Exact copy, no pictures: every line from the one that contains "А это процесс" through the end of the data below, and nothing else.

» **Provided material**:
▽
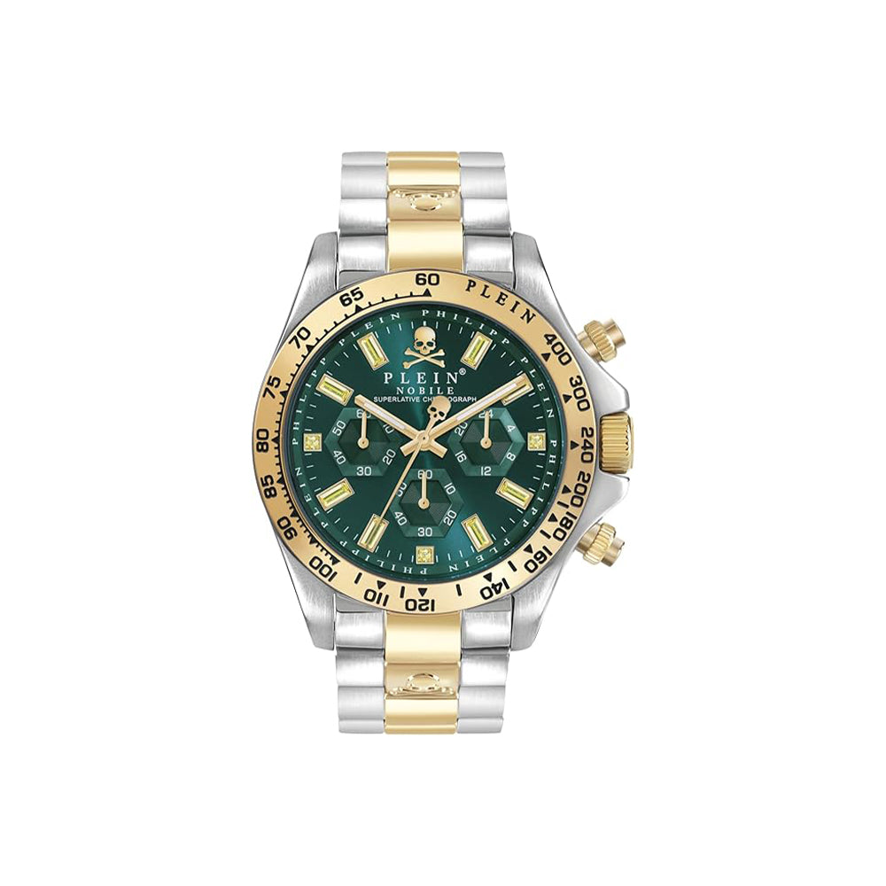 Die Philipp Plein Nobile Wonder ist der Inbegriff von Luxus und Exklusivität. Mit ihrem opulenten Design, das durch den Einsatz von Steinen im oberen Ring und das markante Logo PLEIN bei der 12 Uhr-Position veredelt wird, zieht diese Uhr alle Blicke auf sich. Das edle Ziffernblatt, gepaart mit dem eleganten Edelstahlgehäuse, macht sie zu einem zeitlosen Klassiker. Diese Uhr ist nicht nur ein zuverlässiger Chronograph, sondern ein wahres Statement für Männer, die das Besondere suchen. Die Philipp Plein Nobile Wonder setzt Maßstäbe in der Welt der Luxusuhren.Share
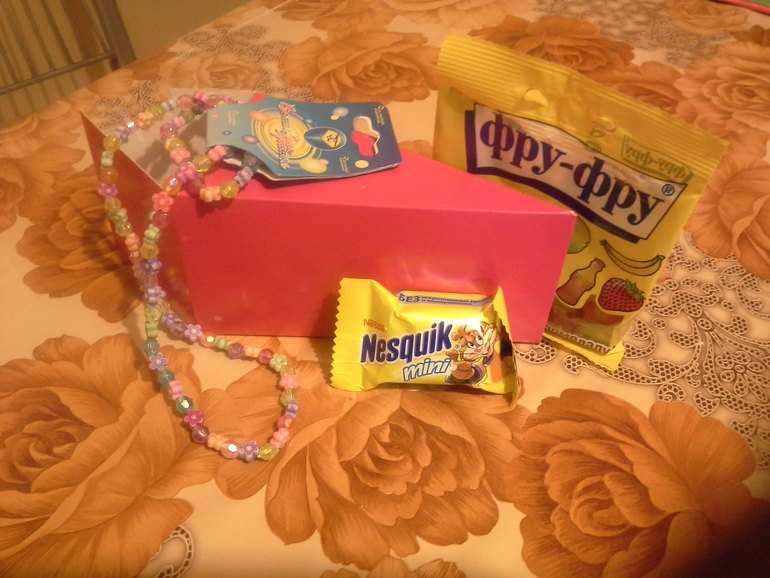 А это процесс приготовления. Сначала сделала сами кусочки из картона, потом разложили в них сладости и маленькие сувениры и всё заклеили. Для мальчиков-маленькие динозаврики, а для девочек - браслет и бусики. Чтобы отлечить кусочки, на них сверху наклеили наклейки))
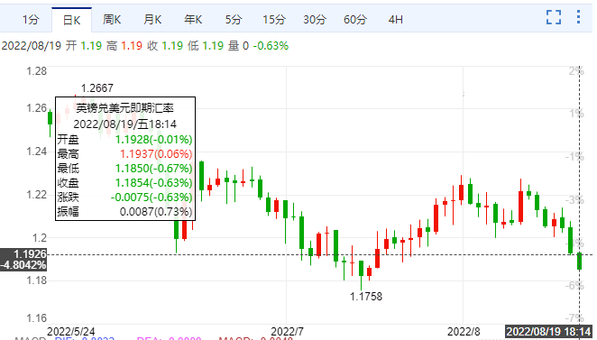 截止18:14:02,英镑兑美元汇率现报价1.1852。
△
» **Final answer**:
 А это процесс приготовления. Сначала сделала сами кусочки из картона, потом разложили в них сладости и маленькие сувениры и всё заклеили. Для мальчиков-маленькие динозаврики, а для девочек - браслет и бусики. Чтобы отлечить кусочки, на них сверху наклеили наклейки))
 截止18:14:02,英镑兑美元汇率现报价1.1852。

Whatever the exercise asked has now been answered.